Reputation: 43
I have a pandas dataframe like this:
+-------+-----+-----------------+----------------+----------------+
| name | age | favourite_color | favourite_food | favourite_city |
+-------+-----+-----------------+----------------+----------------+
| john | 25 | yellow | apple | munich |
| james | 24 | red | onion | melbourne |
+-------+-----+-----------------+----------------+----------------+
I want to make it look like this:
+-------+-----+--------------------+-----------------------------+
| name | age | favourite category | value of favourite category |
+-------+-----+--------------------+-----------------------------+
| john | 25 | color | yellow |
| john | 25 | food | apple |
| john | 25 | city | munich |
| james | 24 | color | red |
| james | 24 | food | onion |
| james | 24 | city | melbourne |
+-------+-----+--------------------+-----------------------------+
I want to take the 3 "favorite_thing" categories and break them down from 3 columns, to 2 columns. One column should be the name of the thing and the other column should be the value of the thing.
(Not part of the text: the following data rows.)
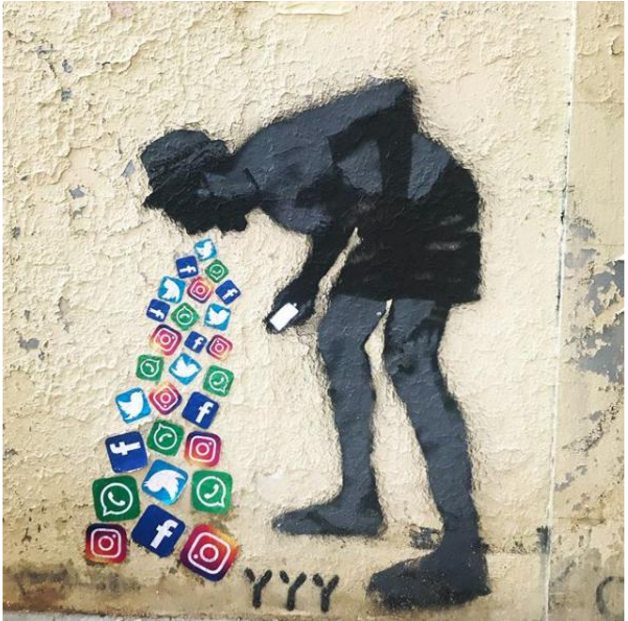
Intoxicación , colectivo « Yipiyipiyeah », Madrid, 28 de agosto de 2019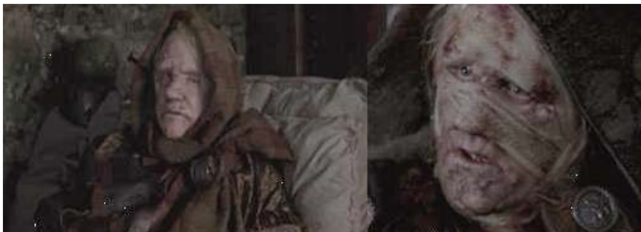
Foto 21: la forma clínica de la lepra de la película parece lepromatosa

que el llamado G. P. es leproso confirmado. Por lo cual será bueno que sea separado de la compañía de los sanos, dado que este mal es contagioso.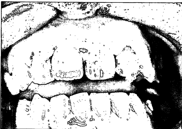
写真5. 初診時 12に変色が認められる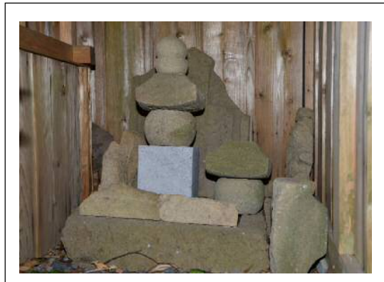
五輪塔（地輪は後補）と石廟残欠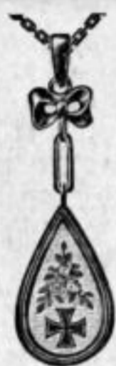
Nr. 3463. Flume. Elektr. plattiert. Stück Mk. A,su.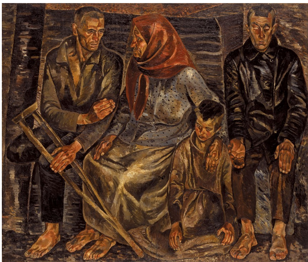
АНАТОЛЬ ПЕТРИЦЬКИЙ. «Інваліди»

In the process, the number of rows in the table, should get multiplied by the number of favourite_something categories (in this case 3x), and the common values like name and age should just get duplicated.
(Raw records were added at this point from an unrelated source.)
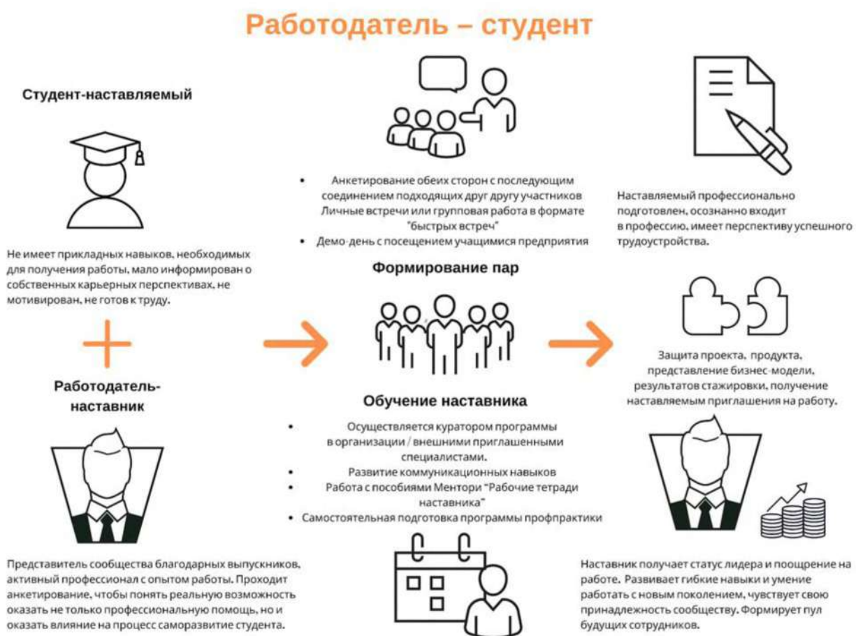
Рисунок 5. Графическое представление наставнического взаимодействия по форме «работодатель – студент»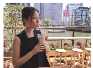
まどかじ@福岡グルメ+お酒さん @madocaji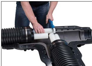
Katkaise virtausputket suoraan.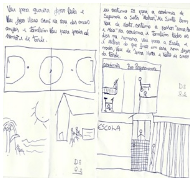
Figura 3. Desenho de situação: final de semana e dia de semana (Estudante do turno vespertino, masculino, 15 anos)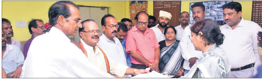
କଂଗ୍ରେସ ନେତୃବୃନ୍ଦ ଶିକ୍ଷାନୁଷ୍ଠାନର ଅଧିକାରୀଙ୍କୁ ଦାବିପତ୍ର ପ୍ରଦାନ କରୁଛନ୍ତି।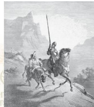
Г. Доре. Дон Кихот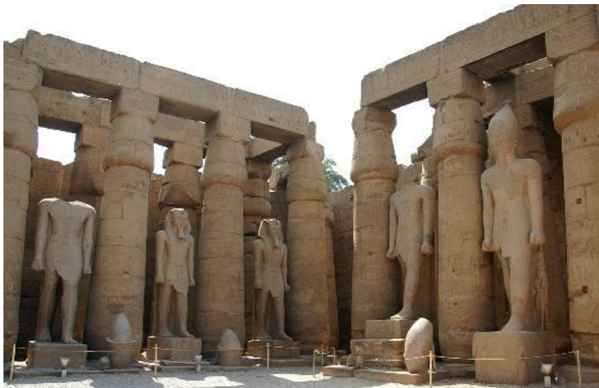
صورة رقم (6) تؤكد العلاقة بين النحت والعمارة في تشكيل المعبد وساحاته حيث نجد التمثال واقفاً بين الأعمدة مكوناً تشكيلاً معمارياً يتميز بروحه التاريخية الموثقة بأحداثها https://www.almrsal.com/wp-content/uploads/2015/03/Luxor-Temple.jpg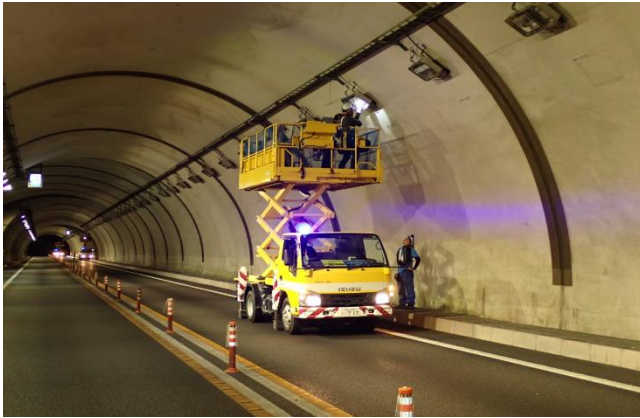
＜トンネル照明点検作業＞

路面の舗装・トンネル付属物(照明設備、非常用設備)・橋梁・道路付属物(路面標示など)を常時良好な状態に保つための補修・点検・清掃などを行いました。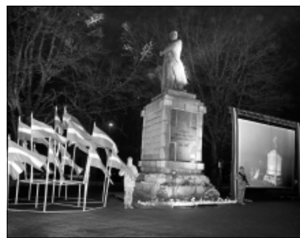
11.novembris. Latgales partizānu pulka kritušajiem karavīriem veltītais piemineklis, tautā sauktais "Staņislavs", atgriezās savā vietā nu jau ceturto reizi.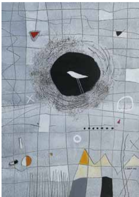
SILVA KARIM Gnezdo, 2018 akril na platnu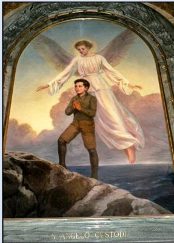
8. Zagość, ŚWK, fg z 1807 r. k. ko paraf., 9. Włochy – Turyn, ob. w ko MB Wspomożycielki, P1840261- 1.VII.'12.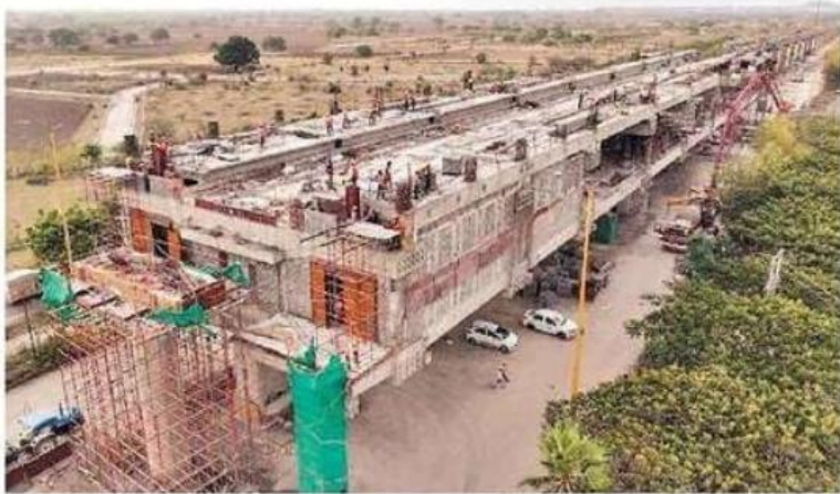
Metro Station at Super Corridor-5

On the priority corridor which is majorly between Gandhi Nagar Depot and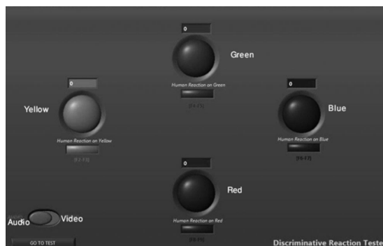
شکل 2- تصویر چهار دایره ی رنگی برای تست های زمان عکس‌العمل بینایی و شنوایی

چنانچه در منوی اولیه آزمونگر آزمون زمان عکس‌العمل را انتخاب می‌نمود، نرم افزار پنجره تست زمان عکس‌العمل را باز می‌کرد. در این بخش امکان ایجاد تحریک بینایی توسط روشن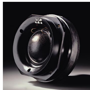
75mm φ ミッドレンジ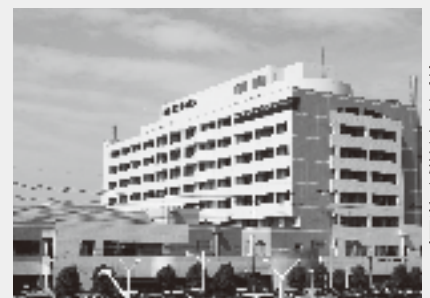
(桐生厚生総合病院)

質問 類似病院では離職率が高い状況にあるが、厚生総合病院における看護師の離職状況と人員確保策は。 答弁 昨年度は十四人が退職し十七人を採用した。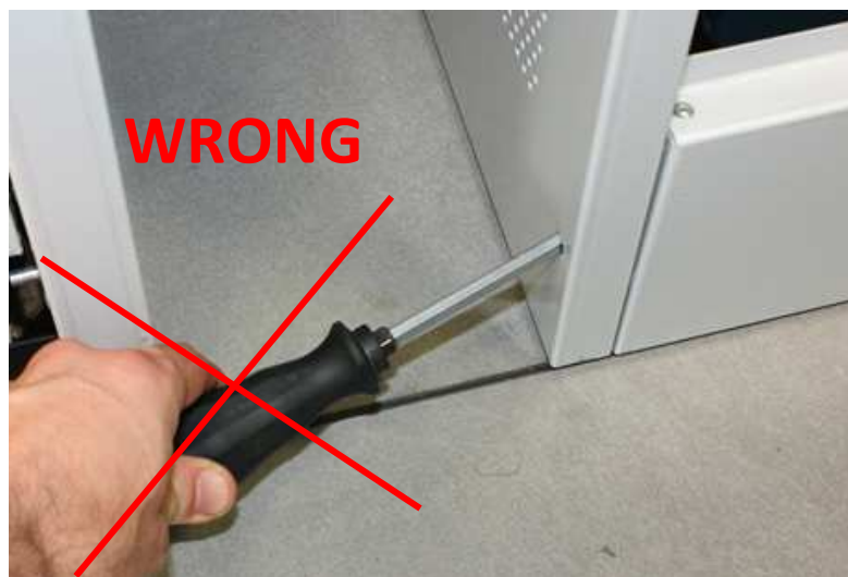
Fig. 18: ATTENTION

Place the cabinet in its final position, where it will stay after elevator commissioning (Pay attention! Leave some space on the right and left hand sides, you need to use a screw driver for the skirting, picture.18).

At a high level, my dataset contains 3 observations per row for each person: favourite color, food and city. I want to reshape the dataframe so that there is only a single observation in any given row.
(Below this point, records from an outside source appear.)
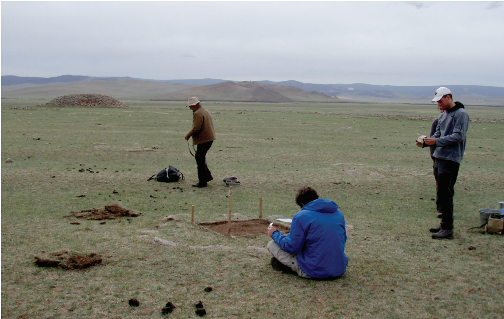
Kuva 1. Pronssikautista kivikehää tutkitaan Khanuyn laaksossa Mongolian suurimman khirigsuur-monumentin yhteydessä. Kivikehän halkaisija on n. 2,2 metriä (Kuva: Oula Seitsonen 2010).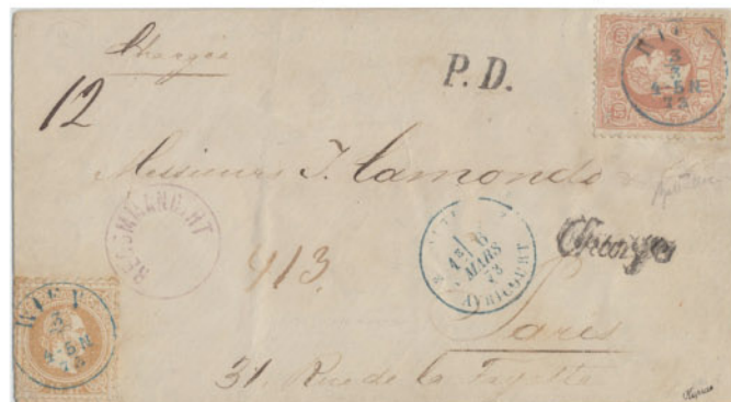
Obr. 4 Dopravný list z roku 1873, zasielajú do Paríža s pečiatkami RECOMMANDIRT a Chargé

Na obr. 4 je zobrazený doporučený list, odoslaný z Viedne do Paríža dňa 3. 3. 1873. Presne uhradené poštovné zodpovedá základnému poplatku vo výške 50 kr za ťažší list do 20 gramov (2x25 kr) a rekomandačnému príplatku 21 kr, ktorý je čiastočne uhradený na prednej strane listu známkou 15 kr. Zvyšná časť príplatku bola uhradená na zadnej časti celistvosti dvoma známkami 3 kr. Známkami boli znehodnotené dennou pečiatkou Viedne v modrej farbe.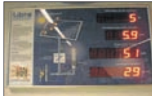
De display die in de aula hangt.

jaren te werken aan een schoolgebouw dat zo 'groen' mogelijk is. Naast de maatschappelijke relevantie, zal dit in de komende jaren ook vanuit de overheid opgelegd worden. Het plaatsen van de zonnepanelen is de eerste stap om tot een zo groen mogelijke school te komen.

Please tell me what is this operation called in data processing and the easiest way to do it in python and pandas.
Upvotes: 2
Views: 116
Reputation: 28644
Since there is some commonality in the columns u wish to reshape('favourite'), pandas' wide to long can be deployed here : Simply state the various arguments, and pass it into the function:
pd.wide_to_long(df,
stubnames ='favourite',
i=['name','age'],
j='favourite category',
suffix = r'(color|food|city)',
sep='_').rename(columns={'favourite':'value of favourite category'}).reset_index()
name age favourite category value of favourite category
0 john 25 color yellow
1 john 25 food apple
2 john 25 city munich
3 james 24 color red
4 james 24 food onion
5 james 24 city melbourne
Upvotes: 0
Reputation: 38415
This is essentially a reshaping problem that you can solve using DataFrame.melt
. Your dataframe has multiple value variables,
new_df = df.melt(id_vars= ['name', 'age'], value_vars=['favourite_color', 'favourite_food', 'favourite_city'], \
var_name='favourite category', value_name='value of favourite category')
new_df['favourite category'] = new_df['favourite category'].replace({'favourite_':''}, regex = True)
name age favourite category value of favourite category
0 john 25 color yellow
1 james 24 color red
2 john 25 food apple
3 james 24 food onion
4 john 25 city munich
5 james 24 city melbourne
Upvotes: 2